By Maria Jose Subiria
Federal officials and consumer watchdogs are warning of a possible ploy, involving e-mails purported to be from the Federal Deposit Insurance Corp. (FDIC), to lure computers users to download suspicious software.
The e-mails come with a message asking receivers to download and open their "personal FDIC insurance file" to check their deposit insurance coverage, according to the Better Business Bureau.
The e-mail claims the receiver's bank has failed, and that the FDIC has taken it over, the bureau said. The e-mail instructs receivers to click on a link leading them to a false web site that appears to belong to the FDIC. The web site includes links that appear to open forms.

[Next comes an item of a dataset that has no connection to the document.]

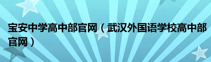 大家好,小联来为大家解答以上的问题。宝安中学高中部官网,武汉外国语学校高中部官网这个很多人还不知道,现在让我们一起来看看吧!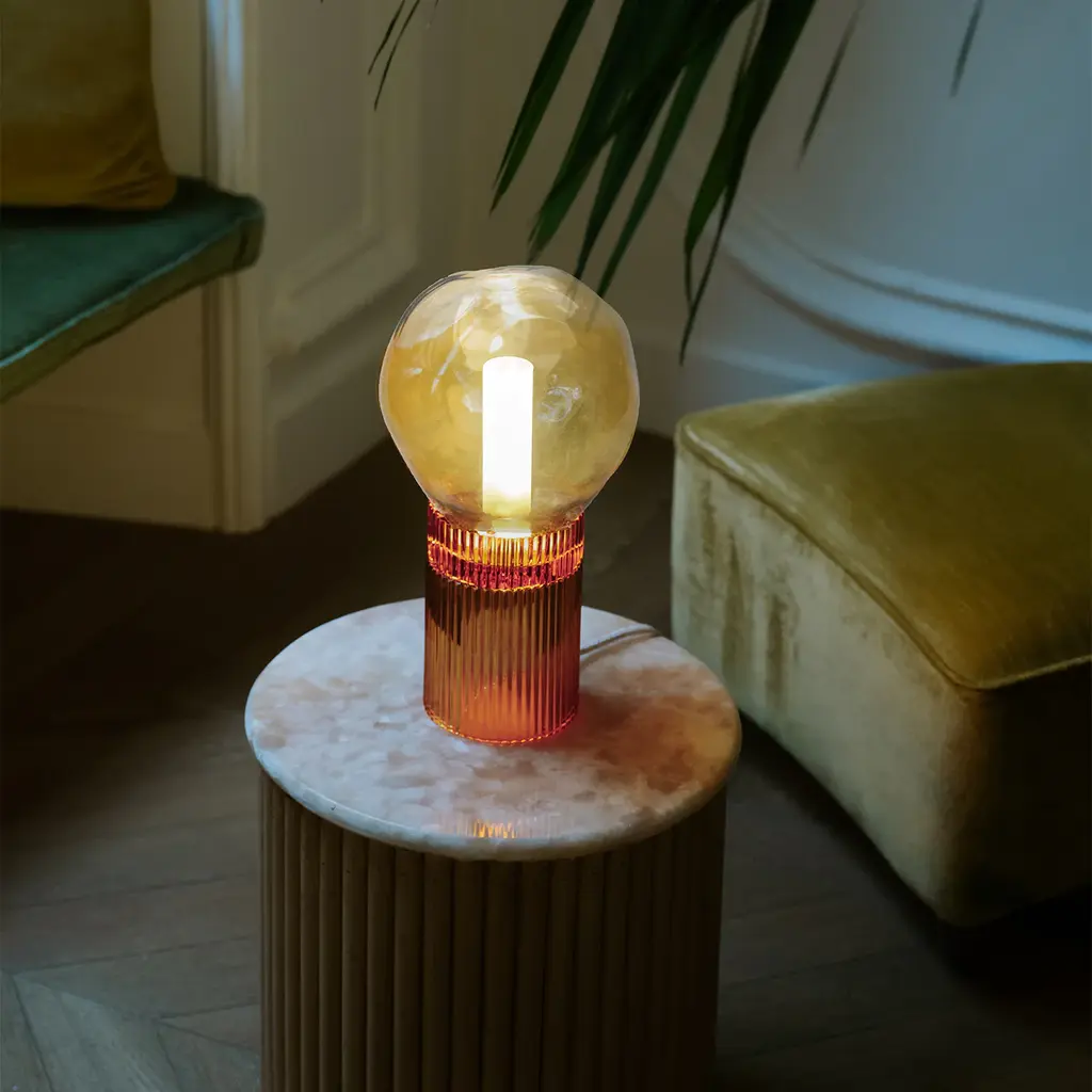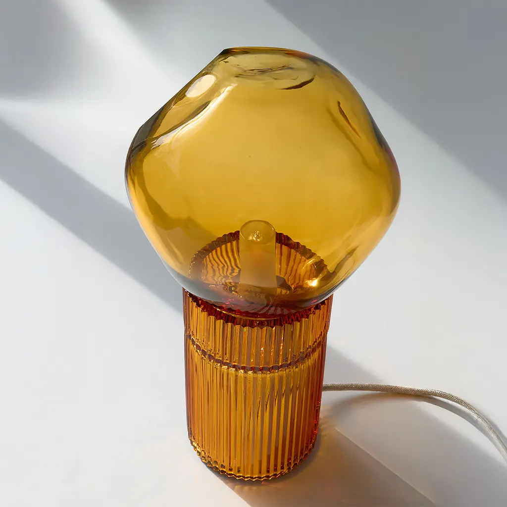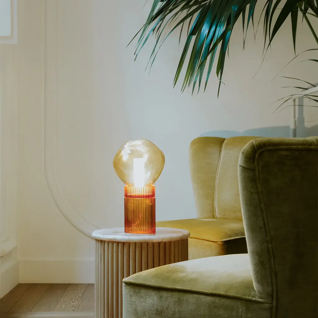 Nina Nuvola, inspired by Rome’s elegant “Colonnina” columns, is a hand-blown lead crystal table lamp that blends classical beauty with modern design. Its amber, hand-engraved crystal base creates mesmerizing light reflections. The amber interchangeable top allows for customized combinations and doubles as an elegant flower vase. The fabric-covered electrical cord enhances its artisanal luxury. A symbol of elegance and balance, Nina Nuvola enhances any space.

The Better Business Bureau said it believes that if consumers click on those links, they may download some form of malicious software, or a file that may be intended to collect personal information.
"The FDIC does not ask consumers to validate account information, or personal information," said David Barr, a spokesman for the FDIC. "Consumers should now realize that the FDIC won't ask for that information."
According to Barr, the FDIC is working with the United States Computer Emergency Readiness Team to determine the nature of the file.
Barr couldn't provide details of the investigation, or how long the investigation will last, for security reasons.
"Sometimes they [malicious computer files] are not there to check information, they are there to spread viruses," he added.
Barr said officials with the FDIC were made aware of the so-called "phishing" scam on Monday.
"It is not the first time the FDIC has been used as a hook for phishing," said Barr.
The FDIC's name has been used in five scams so far this year, he added.
Fred Elsberry, Jr., a spokesperson for the Better Business Bureau, said that while America's economy is improving, e-mail scams are not uncommon and are escalating.
"They [scammers] are ... people who see this as their employment," said Elsberry.
Elsberry said cyberspace criminals sometimes, in the course of running their scams, use the names of organizations that appear in the news and may be familiar to potential victims.
"They really play on the headlines," he said.